=== TASK MATERIAL ===
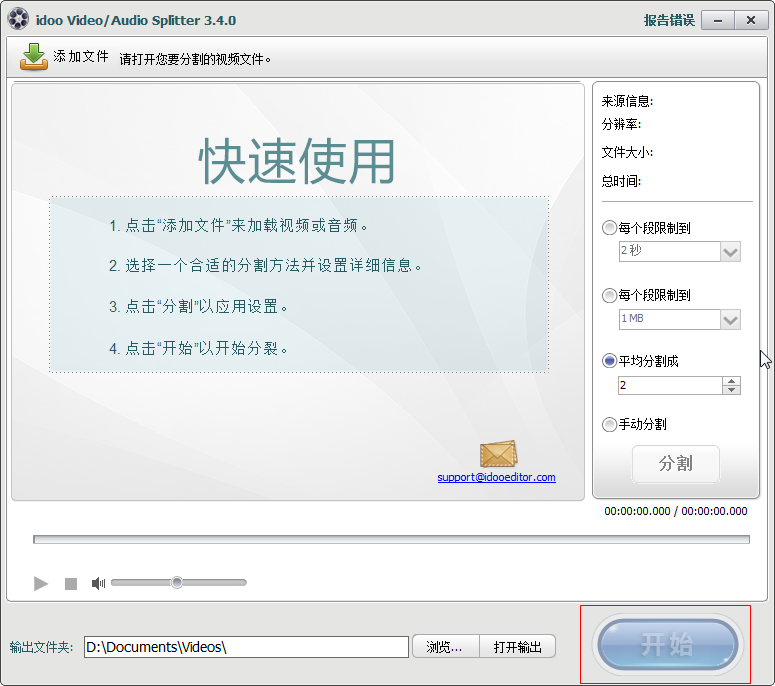 3.添加需要进行分割的文件,点击【开始】就行了
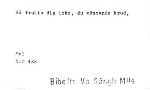 //// Så frukta dig icke, du väntande brud, //// Mel //// N:r 488 //// Bibe ar Vs Sår.nb M"s
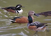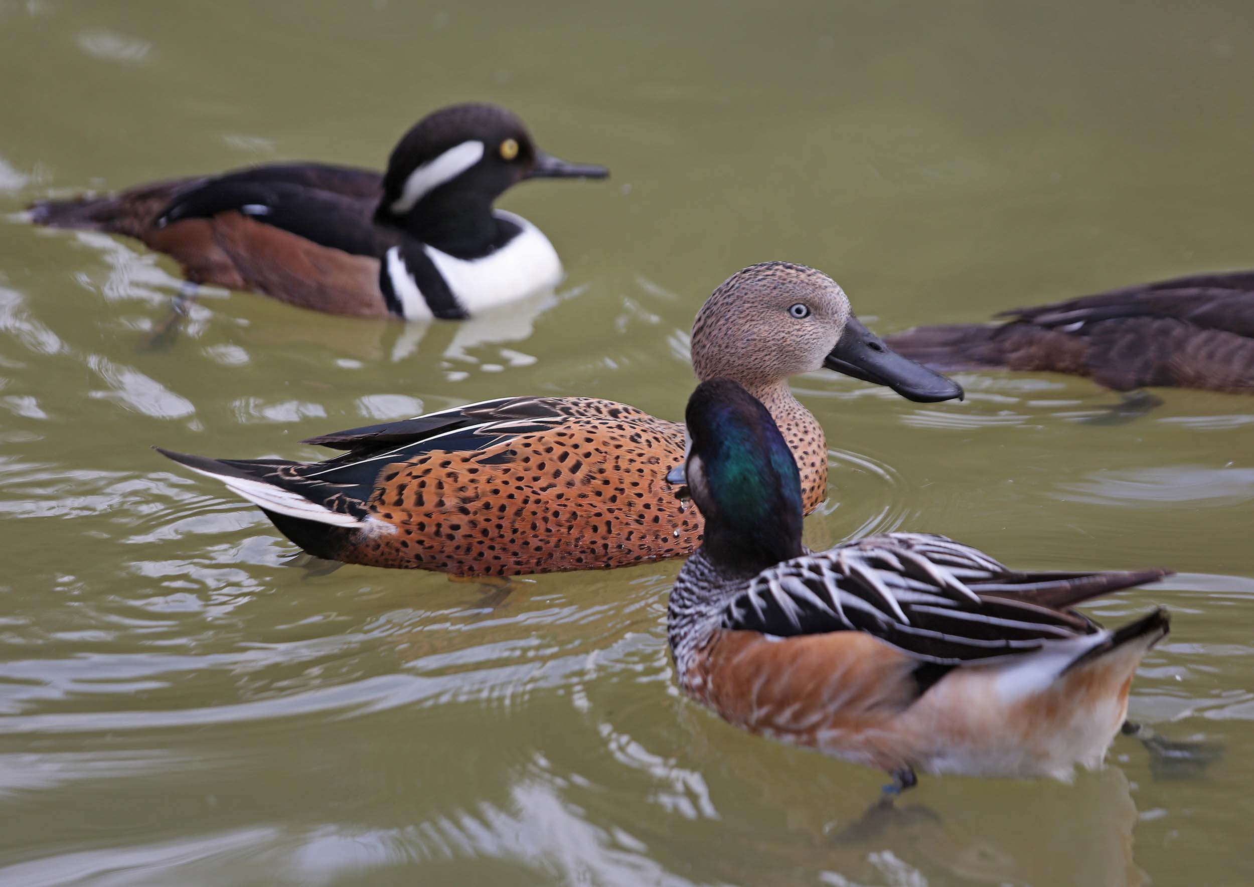 The Red Shoveler is a species of dabbling duck found in southern South America. In winter the southernmost birds migrate north to Brazil and Peru. They are sexualy dimorphic. They use their beak to filter water or mud to obtain tiny aquatic invertebrates. They also eat seeds and other parts of aquatic plants.
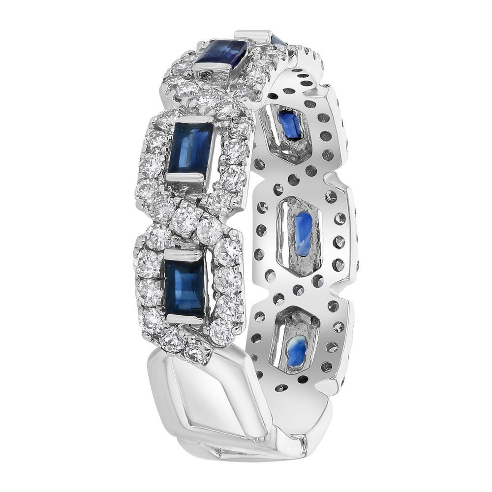 14K white gold band ring set with 0.60 ct. round blue sapphires and 0.70 ct. round brilliant diamonds.
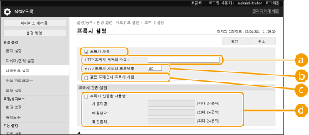 [프록시 인증을 사용함]프록시 서버의 인증 기능을 사용하려면 이 확인란을 선택하고 [사용자명]에 인증용 사용자 이름을 입력한 후 영숫자 문자를 사용하여 [비밀번호]에 설정할 새 비밀번호를 입력합니다.
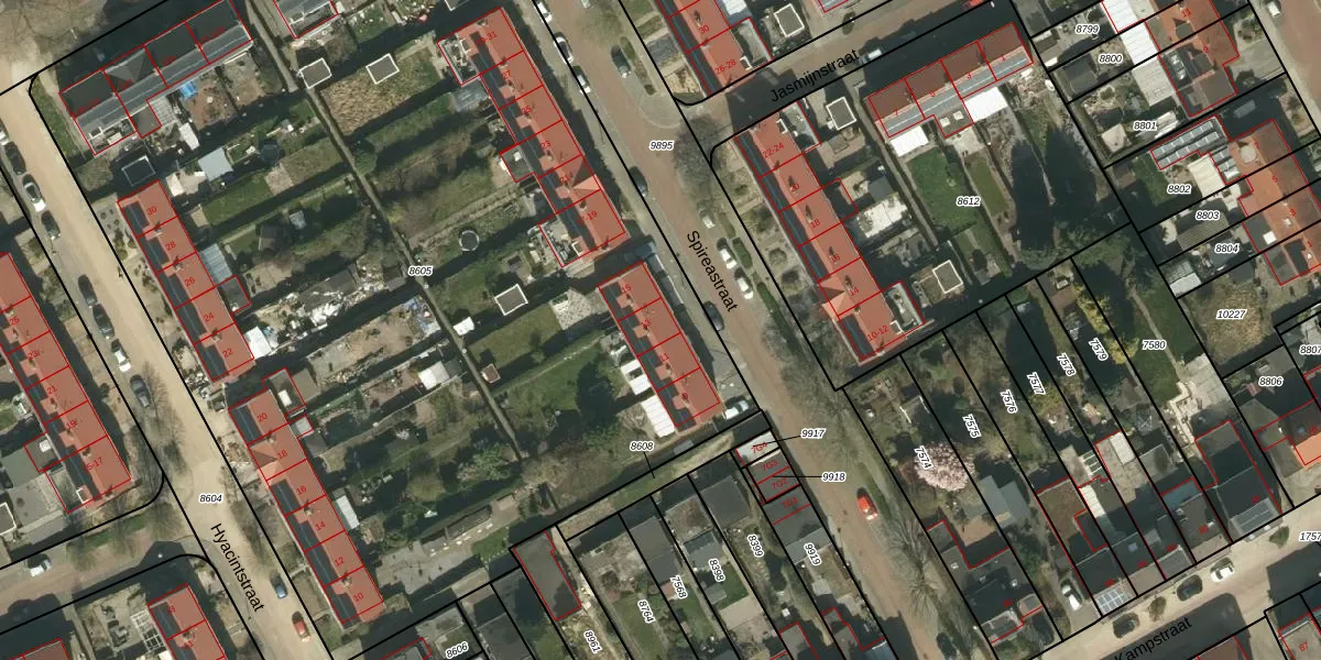 Het perceel waarop Spireastraat 13 staat heeft een oppervlakte van 7376 m². Dit is een zeer groot perceel. De perceeloppervlakte wordt geregistreerd door het Kadaster. Gedetailleerde informatie over de maten van dit perceel kunt u vinden in het rapport Kadastrale kaart met maatvoering van Spireastraat 13.
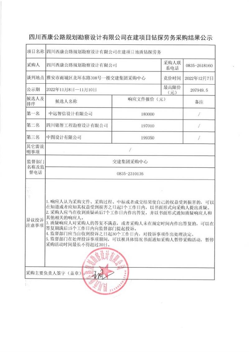 四川西康公路規(guī)劃勘察設計有限公司在建項目地質鉆探勞務采購結果公示
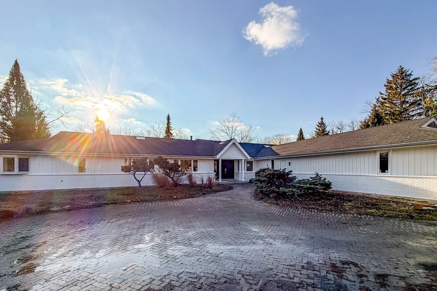 Will be completely upgraded throughout! This exceptional estate is truly one of a kind! Set back on nearly 5 private acres with a serene pond and mature trees, this sprawling ranch offers close to 4,000 sq. ft. of living space with 5 bedrooms, 3.1 baths, and a full basement. The chef's kitchen is a showstopper-featuring quartz countertops, a large island with breakfast bar, abundant white cabinetry, and a stunning skylight that fills the space with natural light. The inviting living room boasts vaulted ceilings, a striking fireplace, and access to the expansive deck-perfect for entertaining or relaxing outdoors. The open-concept dining room seamlessly connects the kitchen and living room, making it ideal for gatherings. The family room is surrounded by windows, creating a bright and airy atmosphere that enhances the home's spacious feel. Every bathroom has been beautifully updated with new vanities, flooring, and fixtures. The full basement offers endless possibilities for additional living space, recreation, or storage. Main level laundry adds everyday convenience. An attached 3-car garage and circular driveway completes this impressive property. Step outside, walk the grounds, and experience the peace and privacy this estate provides-you won't find another property like this at such an incredible value. Don't wait, this one won't last long!
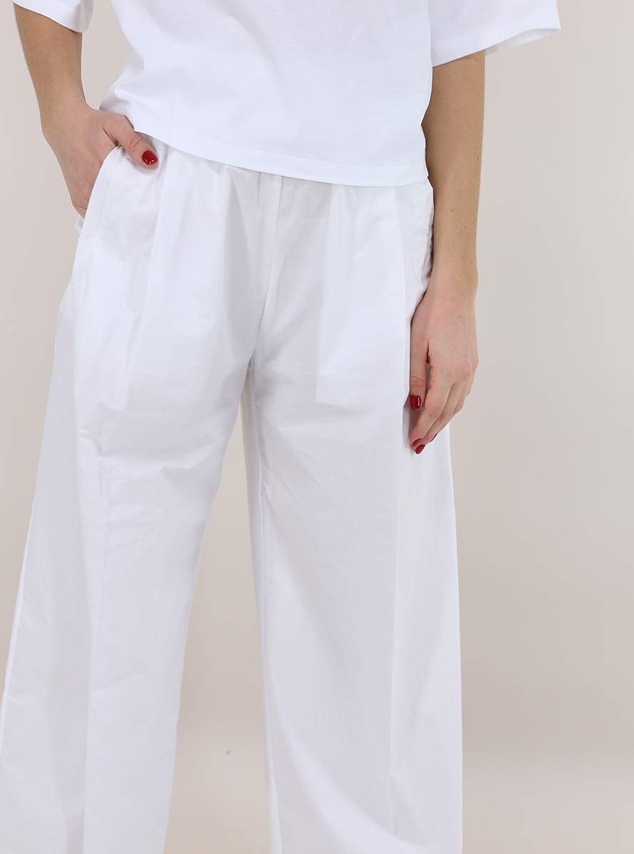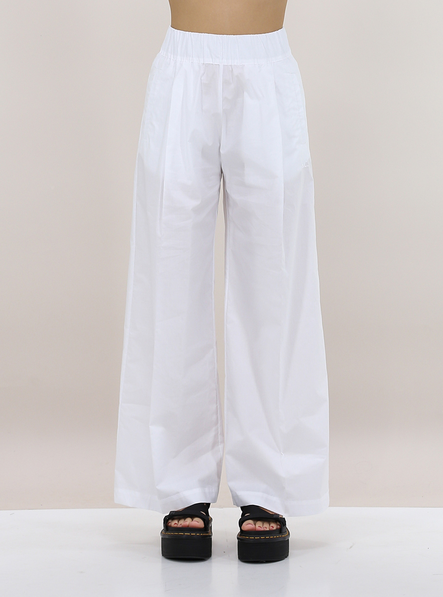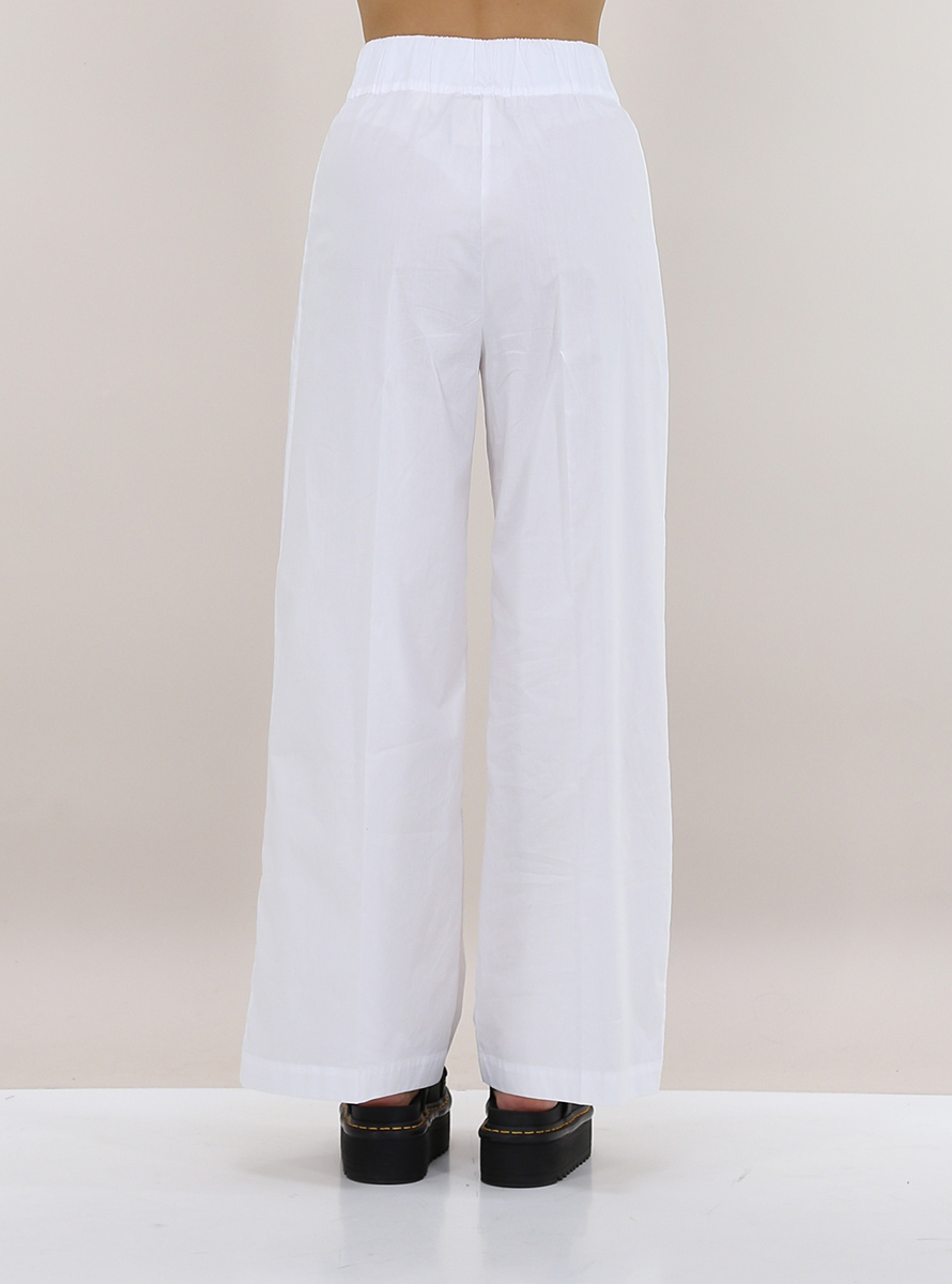Semicouture-Palazzohose aus Baumwolle. Hohe Taille mit Gummizug. Kängurutaschen mit Falten vorne. Das Model ist 1,75 groß und trägt Größe 38.

=== TRY IT ===
When you repeat the material above, keep every word exact and leave out the pictures.

=== TASK RESPONSE ===
 3.添加需要进行分割的文件,点击【开始】就行了
 //// Så frukta dig icke, du väntande brud, //// Mel //// N:r 488 //// Bibe ar Vs Sår.nb M"s
 The Red Shoveler is a species of dabbling duck found in southern South America. In winter the southernmost birds migrate north to Brazil and Peru. They are sexualy dimorphic. They use their beak to filter water or mud to obtain tiny aquatic invertebrates. They also eat seeds and other parts of aquatic plants.
 14K white gold band ring set with 0.60 ct. round blue sapphires and 0.70 ct. round brilliant diamonds.
 [프록시 인증을 사용함]프록시 서버의 인증 기능을 사용하려면 이 확인란을 선택하고 [사용자명]에 인증용 사용자 이름을 입력한 후 영숫자 문자를 사용하여 [비밀번호]에 설정할 새 비밀번호를 입력합니다.
 Het perceel waarop Spireastraat 13 staat heeft een oppervlakte van 7376 m². Dit is een zeer groot perceel. De perceeloppervlakte wordt geregistreerd door het Kadaster. Gedetailleerde informatie over de maten van dit perceel kunt u vinden in het rapport Kadastrale kaart met maatvoering van Spireastraat 13.
 四川西康公路規(guī)劃勘察設計有限公司在建項目地質鉆探勞務采購結果公示
 Will be completely upgraded throughout! This exceptional estate is truly one of a kind! Set back on nearly 5 private acres with a serene pond and mature trees, this sprawling ranch offers close to 4,000 sq. ft. of living space with 5 bedrooms, 3.1 baths, and a full basement. The chef's kitchen is a showstopper-featuring quartz countertops, a large island with breakfast bar, abundant white cabinetry, and a stunning skylight that fills the space with natural light. The inviting living room boasts vaulted ceilings, a striking fireplace, and access to the expansive deck-perfect for entertaining or relaxing outdoors. The open-concept dining room seamlessly connects the kitchen and living room, making it ideal for gatherings. The family room is surrounded by windows, creating a bright and airy atmosphere that enhances the home's spacious feel. Every bathroom has been beautifully updated with new vanities, flooring, and fixtures. The full basement offers endless possibilities for additional living space, recreation, or storage. Main level laundry adds everyday convenience. An attached 3-car garage and circular driveway completes this impressive property. Step outside, walk the grounds, and experience the peace and privacy this estate provides-you won't find another property like this at such an incredible value. Don't wait, this one won't last long!
Semicouture-Palazzohose aus Baumwolle. Hohe Taille mit Gummizug. Kängurutaschen mit Falten vorne. Das Model ist 1,75 groß und trägt Größe 38.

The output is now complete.